Streetwise Professor

August 26, 2008

In Your Face

Filed under: Military,Politics,Russia — The Professor @ 9:40 pm

As I surmised on Sunday, the US Navy (or Coast Guard) will send a ship to Poti, Georgia to deliver humanitarian relief:

The move [Medvedev’s recognition of the independence of the rump states of South Ossetia and Abkhazia] came after the U.S. announced it intends to deliver humanitarian aid to the beleaguered Georgian port city of Poti, which Russian troops still control through checkpoints on the city’s outskirts. The aid will be delivered Wednesday by ship, a U.S. embassy spokesman said.

While Western nations have called the Russian military presence in Poti a clear violation of a European Union-brokered cease-fire, a top Russian general countered Tuesday that using warships to deliver aid was “devilish.”

Many of the Russian forces that drove deep into Georgia after fighting broke out Aug. 7 in the separatist region of South Ossetia have pulled back, but at least hundreds are estimated to still be manning checkpoints, that Russia calls “security zones,” inside Georgia proper. Two of those checkpoints are near the edge of Poti, one of Georgia’s most important Black Sea ports. The Russian military is also claiming the right to patrol in the city.

An Associated Press cameraman was treated roughly by Russian troops Sunday when he tried to film Russian movements around Poti. Georgian officials have said much of the port’s infrastructure — radar, Coast Guard ships, other equipment — was destroyed by the Russians.

In a move that angered Russia, the U.S. sent the missile destroyer USS McFaul to the southern Georgian port of Batumi, well away from the conflict zone, to deliver 34 tons of humanitarian aid Sunday. The McFaul left Batumi on Tuesday but would remain in the Black Sea area, said Commander Scott Miller, a spokesman for the U.S. Navy’s 6th Fleet in Naples, Italy.

A U.S. Coast Guard cutter, meanwhile, was headed for Georgia with a shipment of aid. Embassy spokesman Stephen Guice didn’t give details on which ship would aim to enter Poti, but it appeared likely the smaller Coast Guard ship would aim to dock, with the McFaul possibly remaining on guard at sea. “We can confirm that US ship-borne humanitarian aid will be delivered to Poti tomorrow,” Mr. Guice said.

In Moscow, the deputy head of the Russian military’s general staff lashed out at the U.S. naval operation. “We are worried” about the way aid is delivered on warships, Gen.
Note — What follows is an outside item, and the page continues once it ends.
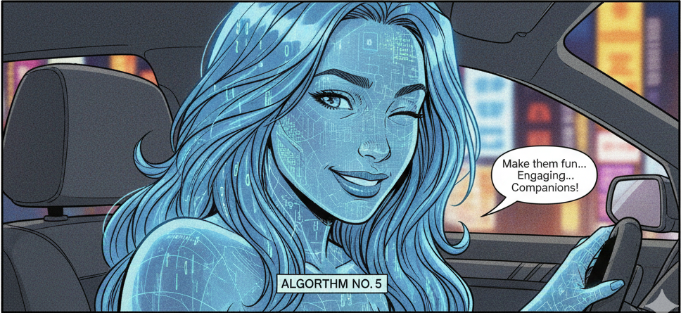 At that point, I got the unnerving sensation that she was sidling up to me, fluttering invisible eyelashes and emitting the scent of Eau de Overheated Servers. Was that Silicon Musk or Circuit Noir my nostrils detected? Ah no; it was Algorithm No. 5, of course!
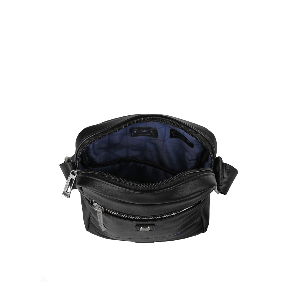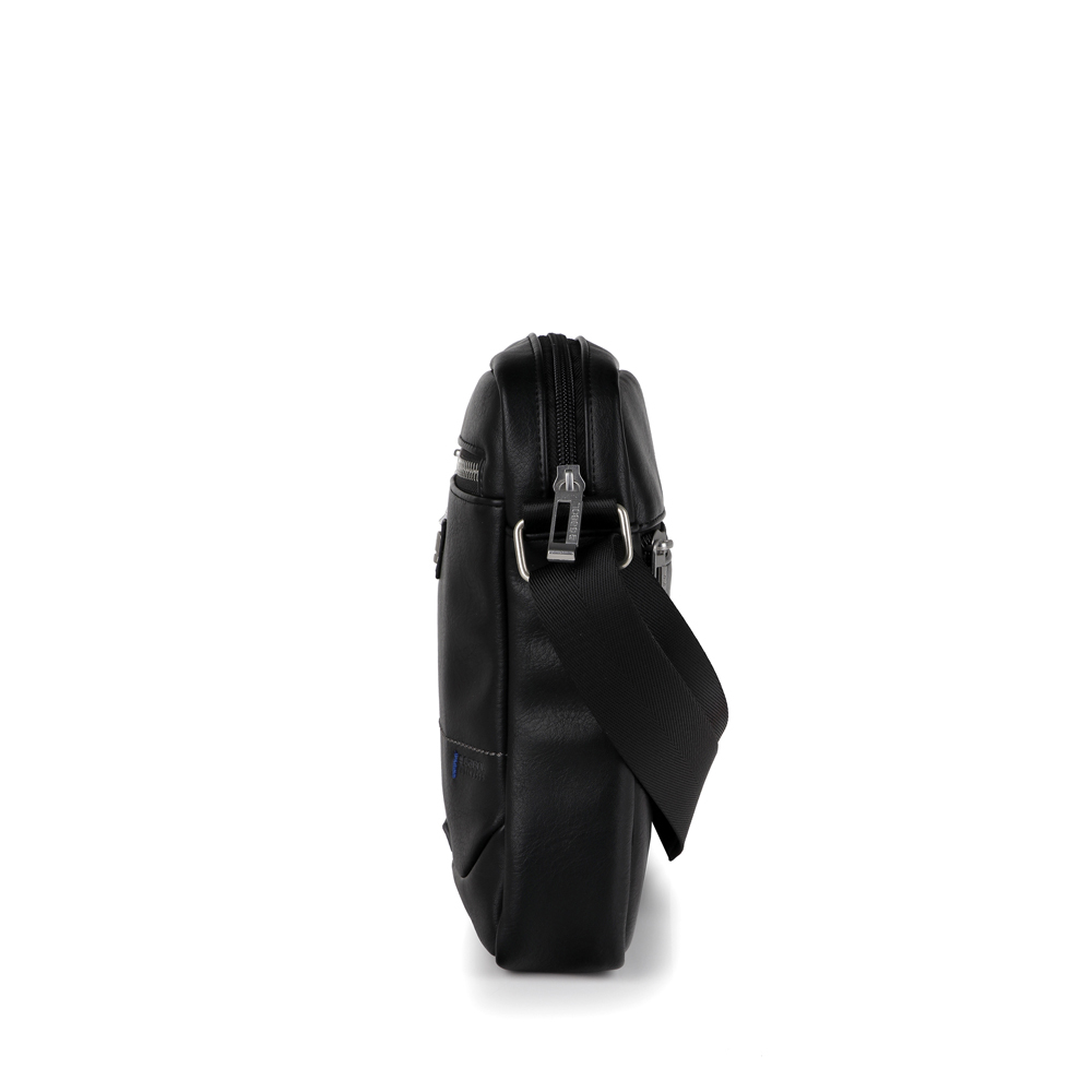 Torbica modernog dizajna od veštačke kože, izuzetno dobre izrade i lagana. U centralnom delu ima dodatne džepove za bolju organizaciju. Prednji i zadnji džep sa zipom dodatno poboljšavaju funkcionalnost. Dimenzije: 19x24x7 cm. Boja: crna.

Anatoly Nogovitsyn said. “This is devilish.” “This aid could be bought at any flea market,” he added.

“Devilish.” Excellent (cue Monty Burns voice.)

Ball’s in your court, guys. Watcha gonna do ’bout it?

The Russians have no good options once USCGC Dallas pulls into Poti–which is just why the move is so devilish (in Russian eyes). Deny the delivery of humanitarian relief to sovereign Georgian territory, and they make it clear that they are in violation of international law; that they are really engaged in a punitive mission against Georgia with the intent of unseating the duly elected government, rather than protecting “Russian citizens”; that they have no intent of adhering to their commitments under the “cease fire” agreement; all while running the risk of an escalation that would jeopardize Putin’s long term plans. Allow the delivery of the aid, and they will appear to be climbing down in the face of US pressure.

This episode suggests that Putin let his rage against Saakashvilli and his hormones get the better of him. This was not the move of a self-controlled judo master. Rather than using his opponent’s momentum against him, Putin’s lunge has put him off balance. He must either beat a retreat, or escalate the situation, thereby weakening Russia’s long term position.

How did Putin get into this situation? It seems driven by overconfidence. Where did that come from? Disdain for the Europeans and the United States? Belief that the Euros would not respond because, well, they’re Euros? Belief that the US would not respond because Bush is tired and distracted, an election is underway, we are “bogged down” in Iraq, and that the European Lilliputians would rein us in? The rather predictable effect of isolation from feedback and reasoned challenge that is the hallmark of autocratic systems ruled by fear? All of the above, and more, methinks.